Top space facts from the Space in 30 Seconds team

2nd June 2014 < Back

The team behind Space in 30 Seconds share their top 10 spectacular space facts!

1) The Universe is 13,700 million years old

2) Scientists who study the Universe believe in a theory called the Big Bang to explain how the Universe was formed. The Big Bang wasn’t an explosion. It was an unbelievably sudden expansion out of a single point.

3) The universe is still expanding! And it is speeding up all the time.

4) Within 3 seconds of the Big Bang, the three simplest elements had formed: hydrogen, helium and lithium. The earliest stars formed between 50 and 150 million years later, followed by galaxies. Around 9 billion years after the Big Bang, the Solar System and Earth were created.

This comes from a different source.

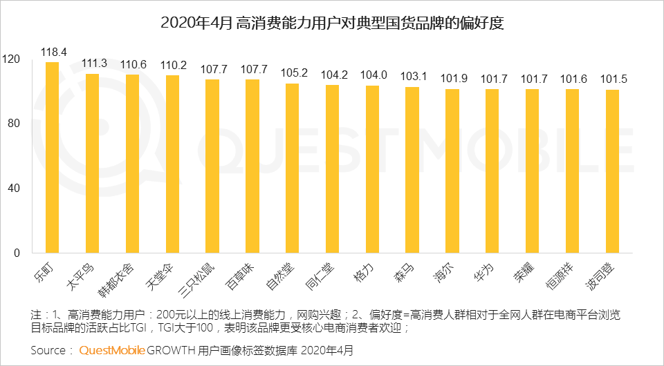 1、整体上,国产品牌进入掘金时代,用户对知名国产品牌的偏好程度超出平均水平
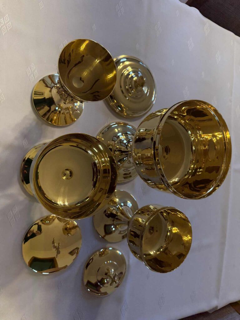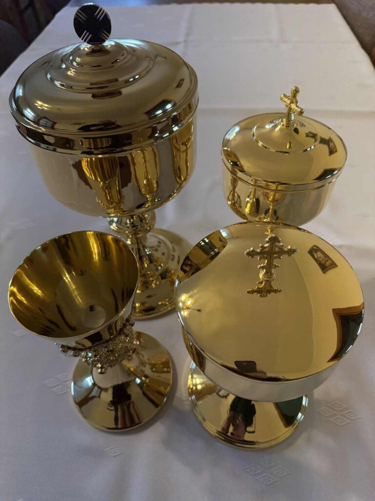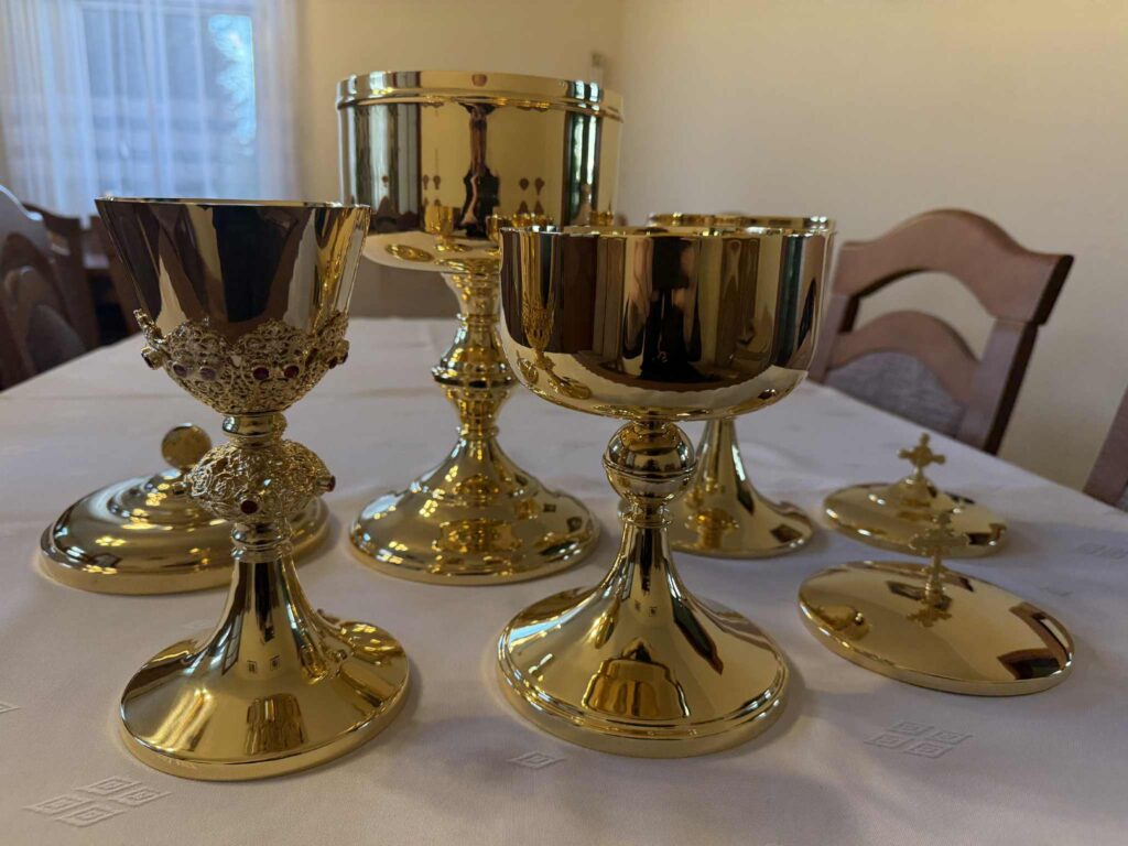 Po dwóch miesiącach wróciły do parafii naczynia liturgiczne, które zostały poddane konserwacji i nowemu złoceniu. Renowację naczyń przeprowadził Zakład Brązowniczy Bielińscy z Poznania. Bardzo serdecznie dziękujemy za pięknie wykonaną pracę.

5) The universe is so huge that special units of measurement are needed; these are called light years. 1 light year is 6 trillion miles away!

6) Stars are formed from huge clouds of dust and gas called nebulae. The closest nebula to Earth is 1,340 light years away (141,000,000,000,000 miles!).

7) Stars vary in size, temperature and how bright they appear from Earth. The Sun is a pretty average-sized star. Some are smaller; others are far larger. Betelgeuse (betel-jooz), in the Orion constellation, is a gigantic star. If Betelgeuse replaced our Sun, its outer surface would extend out as far as the orbit of Jupiter!

8) Mercury is the closest planet to the Sun and is the smallest planet in our Solar System. Mercury’s orbit around the Sun takes just 88 Earth days to complete so its year is a quarter of the length of Earth’s.

9) Earth lies an average of 149,597,870.7 km (92,955,807 miles) from the Sun. Surrounding the planet, and protecting it from many of the Sun’s harmful rays, is the Earth’s atmosphere. The atmosphere keeps Earth’s surface warm and enables life to function.

10) To view space from Earth we use a telescope sent out into space but the image can take many millions or billions of years to travel from distant stars and galaxies to Earth. This means that the view we get of a distant object is a history lesson. It shows the object as it was millions or billions of years earlier.